Para a psicóloga, não existe uma receita pronta para detectar seguramente quando uma pessoa está vivenciando uma crise suicida ou tem algum tipo de tendência, mas reconhecer alguns comportamentos pode auxiliar na busca de ajuda. “A prevenção no caso de criança e adolescente já deve começar na gestação com um ambiente seguro. Os pais devem sempre estimular a autoestima, conversar muito e prestar atenção no comportamento do filho”, acrescenta.

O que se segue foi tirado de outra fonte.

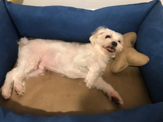 He loves his new bed with the bone pillow. He curls up @ night and puts his head on the bone pillow. Thank you Ruff.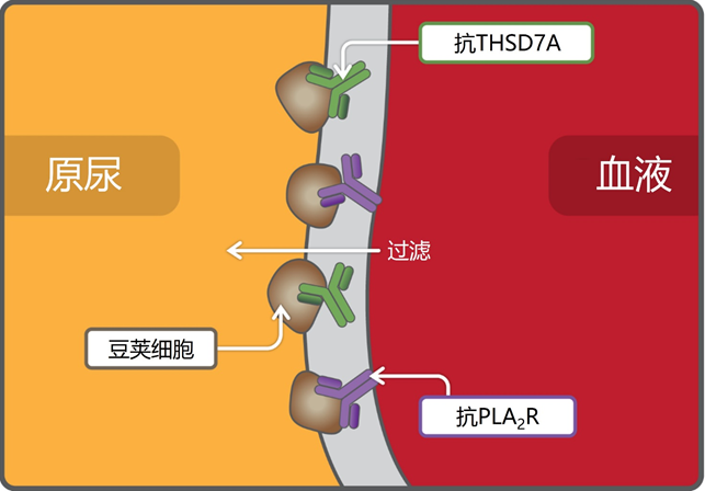 膜性肾病(MN) 膜性肾病是一种肾脏特有的自身免疫性疾病,其特点是肾小球的炎症,而肾小球通常有助于过滤液体和废物[1]。MN是肾病综合征的主要原因,主要影响40岁以上的非糖尿病白种人[1, 2]。在MN中,肾小球基底膜增厚,导至蛋白尿增加和肾脏功能的逐渐丧失[3]。除蛋白尿外,MN还可表现为脂尿、高脂血症、低蛋白血症和水肿[4]。 MN有两种形式:原发性膜性肾病(pMN)和继发性膜性肾病(sMN)。大约80%的病例是原发性的,而其余20%是继发性的[5]。pMN被认为是一种自身免疫性疾病,这在很大程度上改变了这种疾病的诊断和治疗方法。另一方面,sMN是由基础疾病引发的,如乙型肝炎、系统性红斑狼疮或癌症[6]。它也可以由使用药物如青霉胺或非甾体抗炎药引发[6]。 区分这两种形式至关重要,因为延误治疗可能导至大量或潜在的永久性并发症。三分之一的患者会出现持续的肾病综合征,另外三分之一的患者会发展为终末期肾病,而剩下的三分之一则进入自发缓解期[7]。尽管进行了肾脏移植,大约40%的病人仍然复发[7]。 对pMN的诊断 要获得pMN的鉴别诊断,重要的是通过进行肿瘤筛查排除任何继发原因,与其他与肾脏有关的自身免疫性疾病相区别,并审查患者的药物清单。 然而,根据2012年KDIGO指南,肾脏活检是诊断的标准。阳性结果通常显示肾脏中的沉积物。2009年发现的针对磷脂酶A2受体(PLA2R)的肾脏自身抗体和2014年发现的含有血栓软骨素1型结构域的7A(THSD7A)是提供pMN可靠诊断的重大突破[7]。 由于活检是相当有创的程序,PLA2R和THSD7A自身抗体的发现使得通过血液测试进行诊断的手段更加温和。随着后面提到的新型目标抗原的发现,更新的KDIGO指南有望帮助更好地诊断和管理pMN。 图1 | 肾脏的滤过屏障 PLA2R和THSD7A的结合发生在肾脏荚膜细胞的表面,这些荚膜细胞在人类肾小球中表达。插图改编自Ronco等人,2012 [9]。 抗PLA2R抗体在pMN中的作用 PLA2R是一种I型跨膜受体糖蛋白,在肾小球的荚膜细胞表面表达[10]。目前,有两种类型的PLA2R被认可:M型(肌肉型或PLA2R1)和N型(神经型或PLA2R2)[11]。 尽管对N型抗原还不太了解,需要进行更多的研究,但M型抗原已被确定为pMN中两种抗原中更主要的一种。10 M型PLA2R已在血清中检测到,是约70%的pMN患者的目标抗原[12]。 PLA2R既是pMN的预后标志也是诊断标志。这种抗体在sMN患者中没有发现,提示PLA2R对pMN的诊断分型、临床疾病活动和病程以及治疗监测具有重要的临床意义[13]。 值得注意的是,与疾病活动有很好的关联性。例如,抗体滴度越高,疾病的严重程度越高,而抗体滴度越低,越说明病情缓解或并发症较少。 图2 | 抗PLA2R抗体(免疫学疾病)和蛋白尿(临床疾病)的时间过程 通常情况下,抗PLA2抗体出现在蛋白尿和其他pMN症状发生之前。这有助于预测治疗反应和肾脏衰竭的风险。示意图改编自Ronco等人,2014 [14]。 PLA2R的可靠和特异性检测可以通过间接免疫荧光试验(IIFT)和酶联免疫吸附试验(ELISA)来完成。EUROIMMUN拥有测量pMN中这两种目标抗原的独家许可。抗PLA2R IgG IIFT包含2个BIOCHIPs:一个是表达重组PLA2R的转染人类细胞,另一个是对照转染的细胞[15]。 这两个BIOCHIPs可以进行可靠的筛选,并提供抗PLA2R抗体的定性和半定量检测[15]。在一个560名患者的队列中,发现其临床敏感性和特异性分别为77.1%和100%[15]。由于pMN中抗PLA2R的发病率在70 ~ 80%之间[5],77.1%的临床敏感性与整个患者群体很吻合。 此外,抗PLA2R IgG ELISA可对抗PLA2R的抗体滴度进行半定量或定量检测[16]。这种ELISA具有很高的预测价值,可以正确评估病程、治疗成功和复发的风险[16]。 在1034名患者的队列中确定了抗PLA2R抗体的浓度。ELISA的灵敏度和特异性分别达到96%和99.9%[16]。IIFT和ELISA都可以用血清或血浆样本以快速和简单的方式完成[15,16]。这适合于任何诊断实验室,特别是有可能实现自动化。 抗THSD7A抗体在pMN中的作用 除了针对PLA2R的自身抗体外,针对荚膜相关的N-糖蛋白THSD7A的自身抗体也被确定为pMN的特定生物标志物[17]。THSD7A已被发现在血管生成过程中介导内皮细胞迁移和管道形成[18]。 在pMN患者中,针对THSDA的自身抗体的流行率约为2.5 ~ 5%[17]。这一流行率对应于8 ~ 14%的抗PLA2血清阴性的患者。有趣的是,抗PLA2R抗体血清阳性的病人中没有一个有抗THSD7A的抗体[17]。因此,做抗PLA2R和抗THSD7A的同时检测有利于捕捉更多可能的pMN患者。 抗THSD7A抗体对pMN是特异性的,在健康对照组或其他或肾脏自身免疫性疾病患者中没有发现[17]。由于PLA2R抗体在大约70%的pMN患者中发现,在检测PLA2R1抗体的同时检测抗THSD7A抗体可以识别大约75-85%的病例[17]。因此,同时检测抗THSD7A和抗PLA2R抗体为pMN的检测提供了一种全面的方法。 pMN中其他新的目标抗原 大约15 ~ 25%的pMN病例对PLA2R和THSD7A都没有反应性,这表明存在其他的抗原靶点。通过对PLA2R阴性的pMN患者的肾脏活检样本的筛选,发现了一种新的pMN诊断生物标志物,称为具有表皮生长因子(EGF)样重复的神经组织编码蛋白(NELL-1)[19]。 虽然针对PLA2R和THSD7A的主要IgG亚类是IgG4,但发现与NELL-1相关的最常见亚类是IgG1[19]。此外,NELL-1被认为是针对PLA2R和THSD7A抗体双阴性患者的一个有用的生物标志物[19]。 在一项对活检证实的pMN尿液样本的筛选中,发现与健康对照组相比,249种蛋白质在pMN样本中被上调[20]。特别是两种蛋白质,即α-1-抗胰蛋白酶(A1AT)和阿法明(AFM)在pMN尿液中与对照组样品相比明显

Fatores como tristeza profunda, descontextualizada e permanente, isolamento social extremo, perda de interesse em atividades que antes davam prazer, crises de choro frequentes, queda no rendimento escolar, verbalização de expressões de autorrecriminação ou que represente baixa autoestima, além de manifestações com morbidade acentuada e mudanças nos padrões do sono e/ou apetite, merecem atenção, ainda mais se manifestados ao mesmo tempo.

Sinais de alerta

A psicóloga do Pequeno Príncipe destaca oito atitudes que podem representar sinais de risco de suicídio na adolescência e como proceder:

- Mostrar-se disposto a conversar e disponível a ouvir. A abordagem deve ser acolhedora e carinhosa, também é importante manter contato visual, prestar atenção e responder sempre em tom gentil;

- Não fazer julgamentos prévios e preconceituosos, baseados em ideias como “quem ameaça, não se mata”;

- Não fazer interpretações como “suicídio é um ato para chamar a atenção, manipular, de fraqueza, de covardia, de coragem, de falta de fé, de Deus e de amor”;

- Incentivar o adolescente (ou familiar no caso de crianças) a procurar ajuda de profissionais de serviços de saúde, de saúde mental, de emergência ou apoio em algum serviço público. Esclarecer que ele não precisa sentir culpa ou ter vergonha de estar assim e que problemas emocionais podem ser tratados. Oferecer-se para acompanhá-lo a um atendimento;

- Não deixar o adolescente sozinho, principalmente se perceber que há perigo iminente. Procurar ajuda de profissionais de serviços de saúde, de emergência e entrar em contato com alguém de confiança, de preferência indicado por ele;

- Não comparar problemas ou sofrimentos dele com de outras pessoas: “tem gente em situação pior”, “veja o que seu irmão está passando”;

- Nunca minimizar, desvalorizar, rotular, abandonar, incentivar ou desafiar; e

- Sempre levar a sério, escutar sem julgamento, oferecer ajuda e acompanhar.